Hace un tiempo, pasé un mes viajando por Europa asistiendo a varias reuniones ministeriales. De regreso a casa, mi equipaje se perdió, ¡así que llegué sin calcetines ni ropa interior! Un día después, mi familia y yo emprendimos un largo viaje por el Oeste americano. Antes de irnos, compré un nuevo juego de calcetines y ropa interior. Mientras cruzaba Norteamérica, no dejaba de llamar a la aerolínea para preguntar dónde estaba mi equipaje. «Probablemente en Copenhague», dijo el agente, y eso no me animó. ¿Por qué les cuento esto? Porque toda esta experiencia me impresionó profundamente con la inmensidad de este gran planeta. Europa ya es bastante grande por sí sola, pero al regresar a Estados Unidos, descubrí otro gran continente.

Me impresionó la enormidad de la tarea de la creación. La circunferencia de la superficie terrestre es de 38.800 kilómetros. Se necesitaría al menos un mes para dar la vuelta completa a la Tierra por el ecuador, ¡si se pudiera!
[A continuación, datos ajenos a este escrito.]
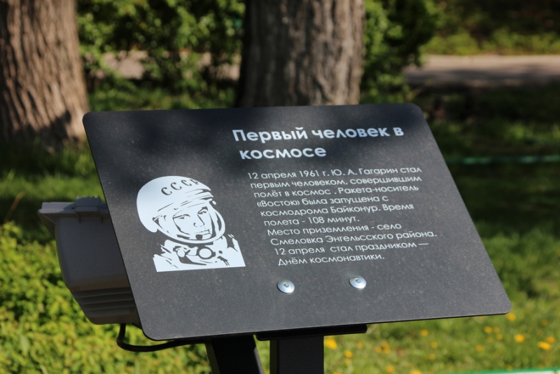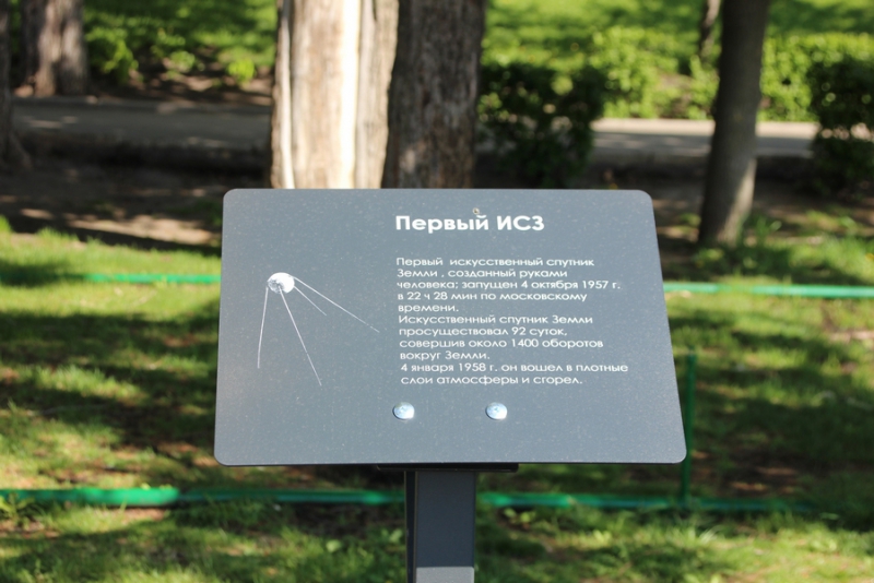Помимо этого здесь можно увидеть небольшие стенды с основной информацией о планетах Солнечной системы, спутниках и космонавтах. Например, про первый искусственный спутник Земли, что он был запущен 4 октября 1957 года, а также информация про первого космонавта планеты.

El mundo es tan vasto, que Jesucristo lo creó todo. Pero este planeta es solo una pequeña partícula en la inmensidad del universo. Nuestra vecina más cercana en el espacio, la Luna, está a unos 386.000 kilómetros de distancia. La luz tarda aproximadamente un segundo y medio en pasar de la Tierra a la Luna.

Comparen eso con la inmensidad del universo. La luz tarda más de diez mil millones de años en llegar hasta nosotros desde los confines de lo que hasta ahora hemos descubierto sobre nuestro universo. Y Jesús creó el universo entero: cada galaxia, cada planeta (ver Juan 1:3). Él es igual en valor a cada parte de él, y aun así eligió venir a esta tierra y obedecer a Dios perfectamente por nosotros. Bajó y sufrió la consecuencia completa de nuestro pecado: muerte eterna, extinción permanente. En la cruz, los pecados de todo el universo fueron cargados sobre Cristo.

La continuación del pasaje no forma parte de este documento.